Michael Sheridan and christian "would-be investors in an experimental free trade zone" slipped into Rajin, DPRK, for a Rupert Murdoch-owned
Times Online article, "Chairman Kim's dissolving kingdom" Jan. 30.
Sheridan is a right-wing ideologue, one of the dumb ones: "The secret police cannot staunch the word of the gospel," he writes, then smirks: "Two of our party turned out to be Christian businessmen who had come from China carrying wads of cash."
Sheridan describes a pair of North Korean "snowbacks" sneaking across the border, an armed, fortified, Berlin Wall that serves as a model for the wingnuts' vision of a Mexican-American dividing line.
It was a desperate risk to run in the stark glare of the winter sunshine. We had just seen a patrol of Chinese soldiers in fur-lined uniforms tramping along the snowy bank, their automatic rifles slung ready for action.

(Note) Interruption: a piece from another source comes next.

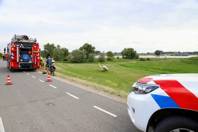 Wielrenner onderuit op Waalbandijk in Dodewaard, traumahelikopter gealarmeerd

The "snowbacks" made it to shelter. Sheridan recaps most of the current Kim dynasty gossip, forming, in his words, "a picture of a tightly knit clan leadership in Pyongyang that is on the verge of collapse." To recap:
- the death of Kim's favourite mistress last summer;
- a security clampdown on foreign aid workers;
- a reported assassination attempt in Austria last November against the leader's eldest son, Kim Jong-nam;
- "signs of instability" inside the political establishment from Japanese intelligence;
- predictions of a feud among the elite as they strive to seize power from Kim, from the same Japanese intelligence source;
- Kim's brother-in-law, Jang Song-thaek, was purged from party office after he tried to build up a military faction to put his own son in power;
- mystery fate of Vice-Marshal Jo Myong-rok, the soldier once sent as Kim's emissary to meet Bill Clinton in the White House.
Sheridan's juiciest gossip:
The dictator's favoured heir apparent, his son Kim Jong-chol, 23, who was educated in Geneva, is reported to have staged a shoot-out inside a palace with Kim Jang-hyun, 34, an illegitimate son of Kim Il-sung, father of the dictator and founder of the dynasty.
Kim is slow to dispel the rumors. Nor is he keeping up with contemporary clothing styles, apparently:
...the bouffant-haired dictator is wearing the same clothes as in photographs from two years ago, suggesting that they [the photos] may have been taken then. Observers await Kim's official birthday, February 16, to see if the state media accord him the usual fawning adulation.
Sheridan describes an heroic Christian network of "underground railroad" contacts assisting North Koreans to escape. Christian-wing democrats are urged to read the story, Sheridan's account is fairly dramatic narrative.
Karl Rove might have written some of Sheridan's DPRK-spin:
Bush's re-election dealt a blow to Kim, 62, who had gambled on a win by John Kerry, the Democratic candidate. Kim used a strategy of divide and delay to drag out nuclear talks with the United States, China, Russia, Japan and South Korea through 2004.
Paranoia and brainwashing remain the regime's most effective tools. Yet even as it tries to fight off God it has made its peace with Mammon.
On a freezing night when Rajin was sunk in gloom, its oil refineries empty, its power stations inert, one building stood ablaze with lights on the bleak seashore northeast of the city.
It was a casino, where slate-faced Chinese gamblers squandered thousands of dollars at the baccarat table while impassive guards scrutinised them for any hints of dodgy play.
This diary started as a comment in JenOK's North Korea Sold Uranium to Libya? Hmm... earlier today.